Exploration of the Exceptional Capacitive Deionization Performance of CoMn2O4 Microspheres Electrode

The battery type inorganic electrode has been demonstrated the highly efficient sodium ion intercalation capacity for capacitive deionization. In this work, the CoMn2O4 (CMO) microspheres with porous core-shell structure are prepared via co-precipitation and followed by annealing. The effects of annealing temperatures on the morphology, pore structure, valence state, and electrochemical behavior of CMO are explored. As electrode for capacitive deionization, the salt removal capacity and current efficiency of optimized AC || CMO device reaches up to 60.7 mg g(-1) and 97.6%, respectively, and the capacity retention rate is 74.1% after 50 cycles.

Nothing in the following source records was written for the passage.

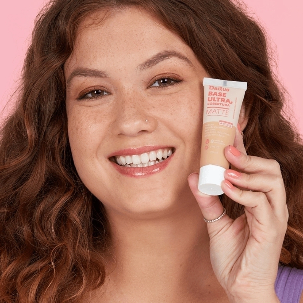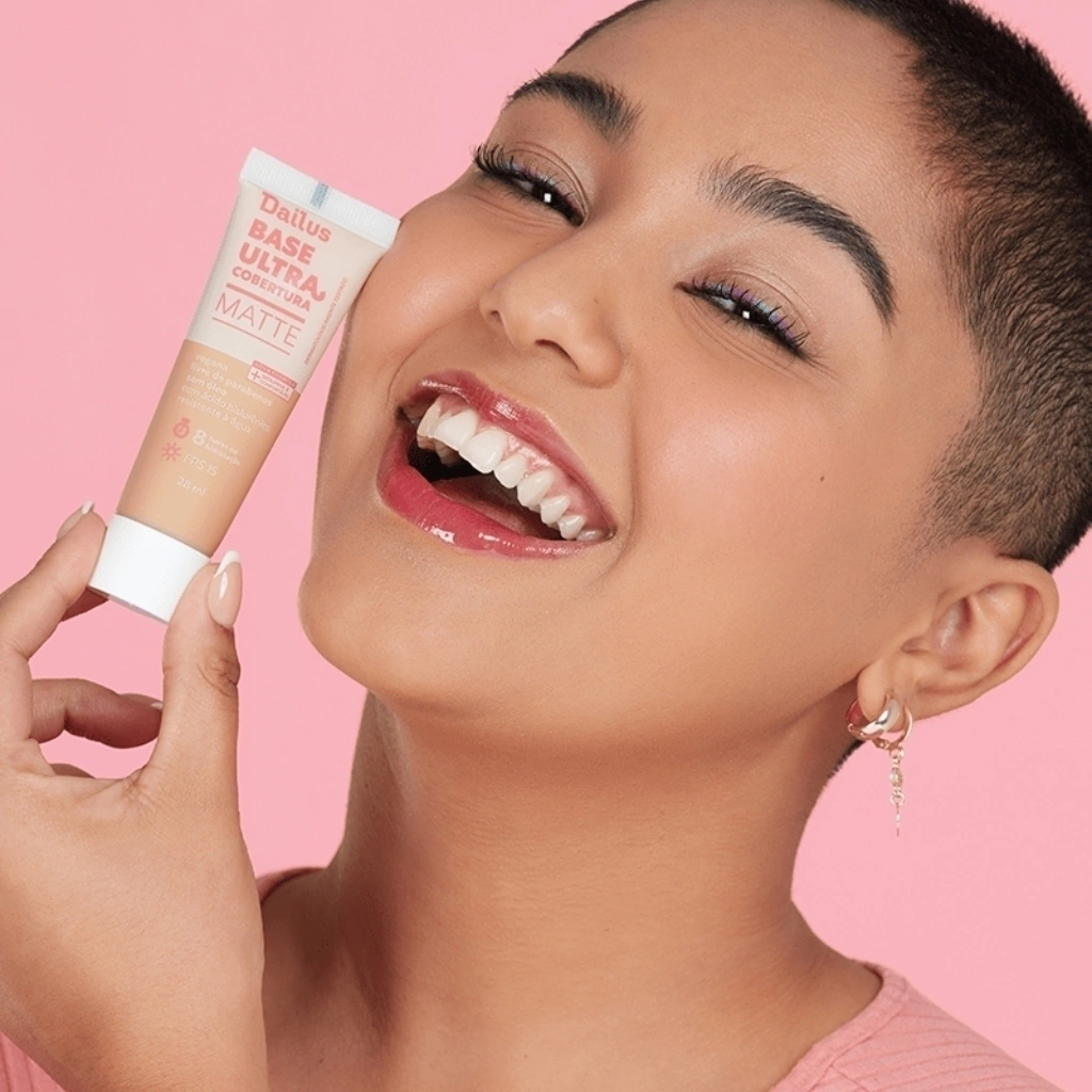 A Base Matte Dailus Ultra Cobertura 28ml proporciona alta cobertura e acabamento impecável, ideal para uniformizar o tom da pele e disfarçar imperfeições. Sua fórmula matte controla a oleosidade, garantindo um aspecto natural e duradouro ao longo do dia. Com textura leve e fácil de aplicar, permite construir camadas para cobertura personalizada, mantendo a pele confortável e sem aspecto pesado. Perfeita para todos os tipos de pele, é a escolha ideal para maquiagens do dia a dia ou ocasiões especiais.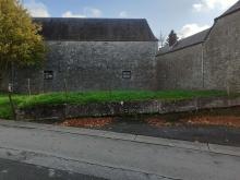Situé Place Saint Médard N° 11. Mur de séparation en pierres bleues sèches entourant partiellement le jardin situé devant la maison Place Saint Médard. Délimite la parcelle Samart Section A No 82 B avec le de domaine public (chemin No 6 et chemin No 16). Quelques arbustes ainsi qu’une pelouse ont poussé devant le mur en pierres sèches. A droite de l’ancienne pompe, présence d’un tas de moellons en pierre et d’une ancienne citerne. Profondeur:1900cm, Largeur:60cm, Hauteur:140cm. Les personnes nées avant la 2ème guerre ont toujours connu ce mur. Ce mur en pierres sèches devrait être davantage mis en valeur devant le château classé.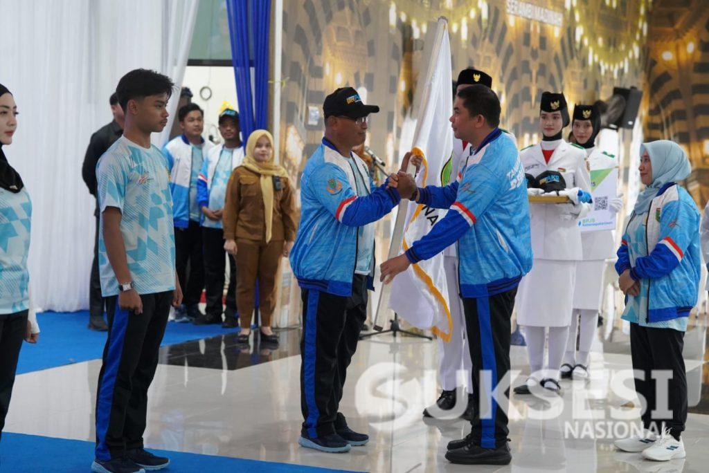 Prosesi pelepasan berlangsung penuh semangat yang digelar di Pendopo Kantor Bupati Tanah Bumbu di Batulicin, Senin (20/10/2025).
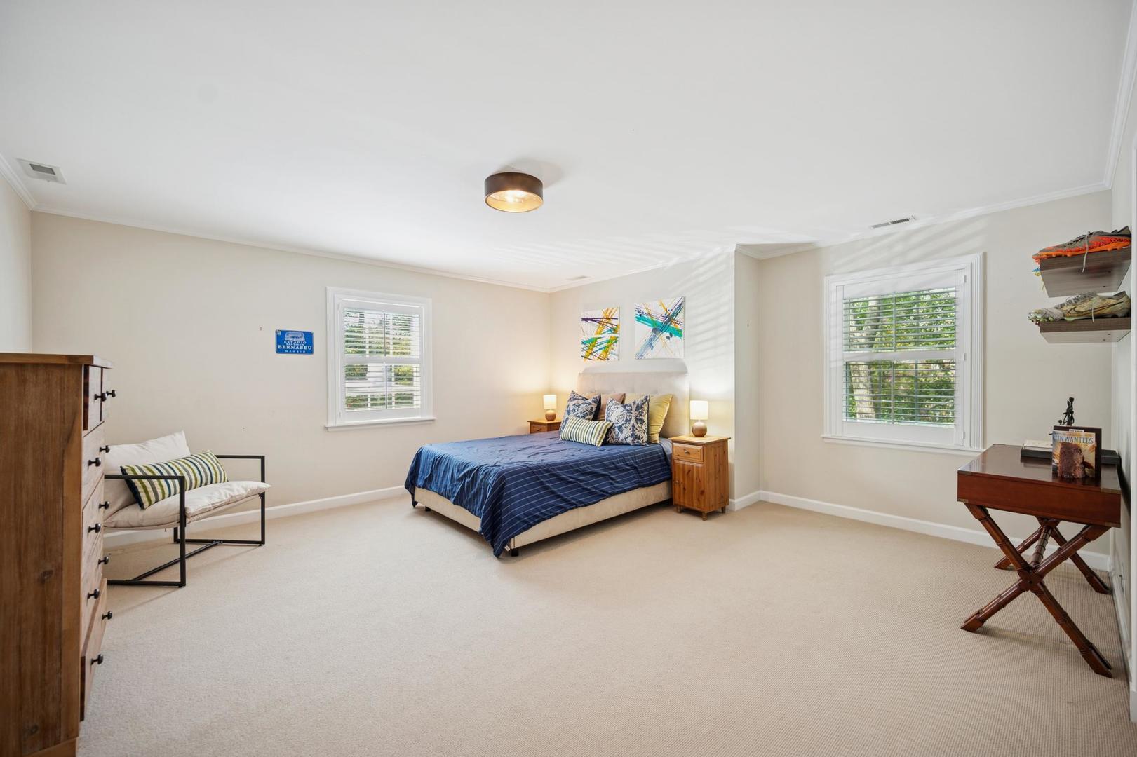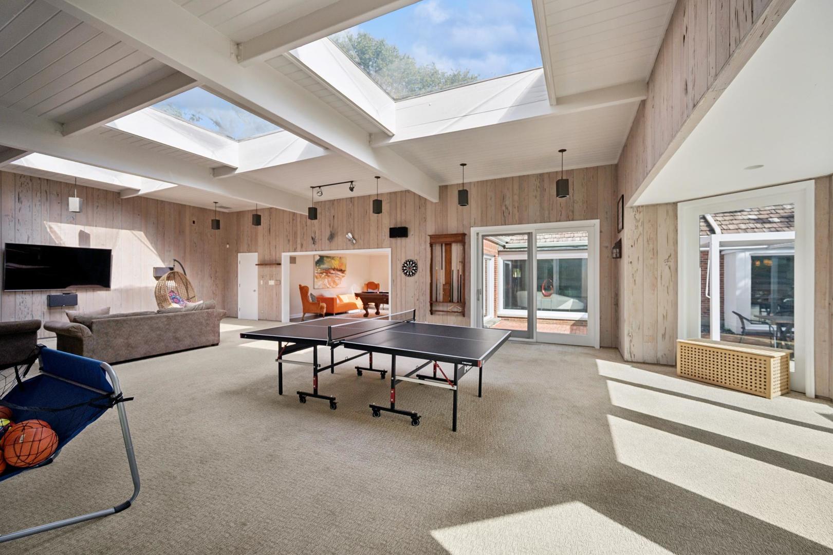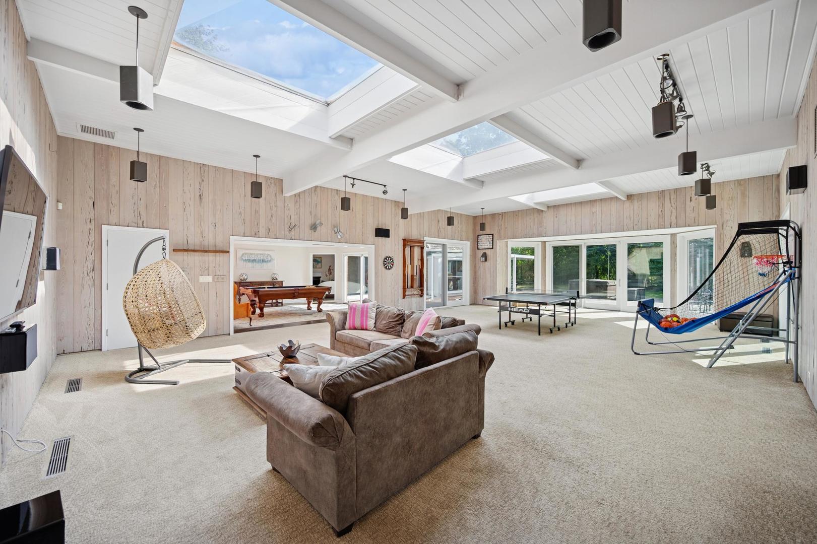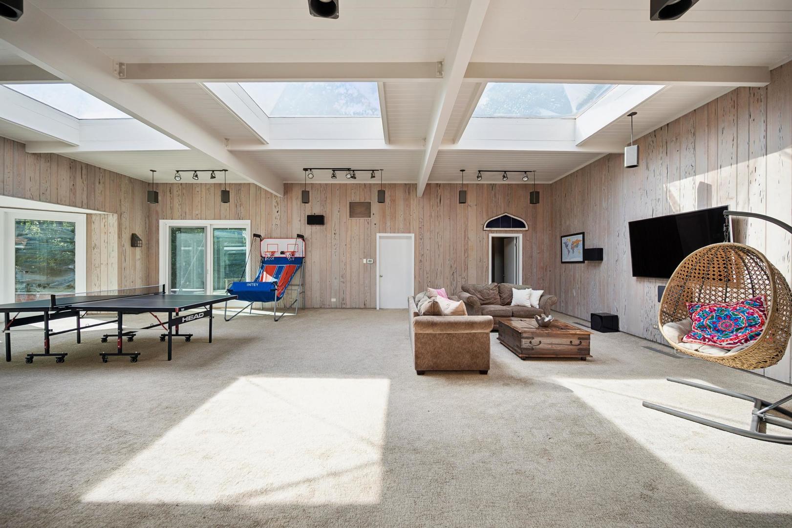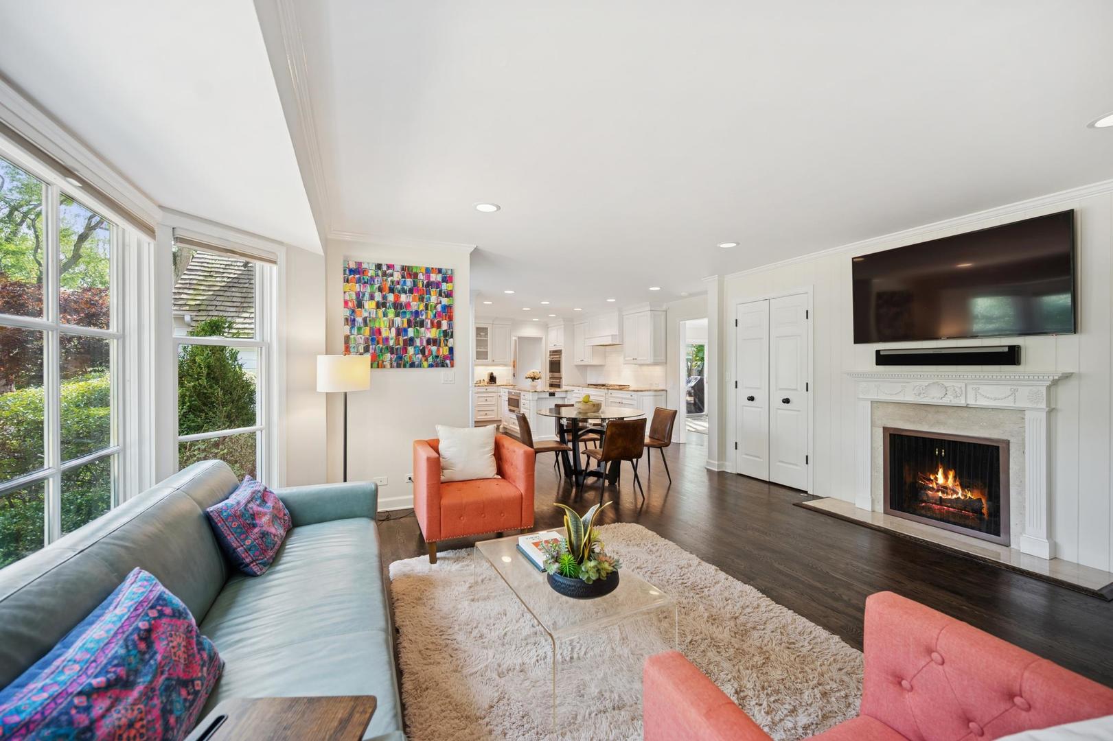 Desirable one-floor living, set privately on nearly an acre along a peaceful lane. With approximately 5,493 SF of comfortable living space, this fabulous 5 BR/5.1 BA home has been thoughtfully updated inside and out. The main level showcases the heart of the home: a sun-filled family room with a handsome fireplace, opening to a custom kitchen outfitted with top-tier appliances and wood mode cabinetry. The open floor plan, designed for comfort and expansive views, continues with living and dining rooms that flow seamlessly into a cheerful game room and an incredibly spacious rec room/second family room, featuring soaring ceilings, skylights, and doors to a sweeping bluestone terrace. A luxurious primary suite wing includes a large bath, generous walk-in closet, classic plantation shutters, and a private office. Upstairs in the family wing, you’ll find three spacious bedrooms and two updated baths. In the south wing, a private staircase leads to a separate suite with a sitting room, bedroom, and bath-ideal for guests, an au pair, or a teenager’s retreat. The beautiful fenced backyard overlooks a tranquil forest preserve, perfect for relaxation and outdoor gatherings. Additional highlights include new upstairs windows, hardwood floors, a Sonos whole-house sound system, a heated 3-car garage, and abundant attic storage. This move-in-ready home offers timeless comfort and modern living at its finest. Showings begin at broker open October 7th.

Remarkably, both the in-situ X-ray diffraction and ex-situ X-ray diffraction analysis features that the intercalation/de-intercalation of sodium ions are governed by (103) and (221) crystal planes of CMO. Accordingly, the density functional theory calculations realize that the adsorption energies of Na+ onto (103) and (221) crystal planes are higher than that of any other crystal planes, manifesting the priorities in adsorption of sodium atoms. Furthermore, the X-ray photoelectron spectra of pristine and post-CMO electrode highlights that the reversible conversion of Mn3+/Mn4+ couple is resulted from the intercalation/de-intercalation of Na+, while this is irreversible for Co3+/Co2+ couple. Beyond that, the CMO electrode has been proven the selectivity removal of Na+ over K+ and Mg2+ in a multi-cation stream.

Automated summary

The study prepared CMO microspheres with porous core-shell structure and investigated their properties. As an electrode for capacitive deionization, the optimized AC || CMO device exhibited high salt removal capacity and current efficiency, with a relatively high capacity retention rate. It was found that the intercalation/de-intercalation of sodium ions in CMO were governed by the (103) and (221) crystal planes, which had higher adsorption energies for Na+.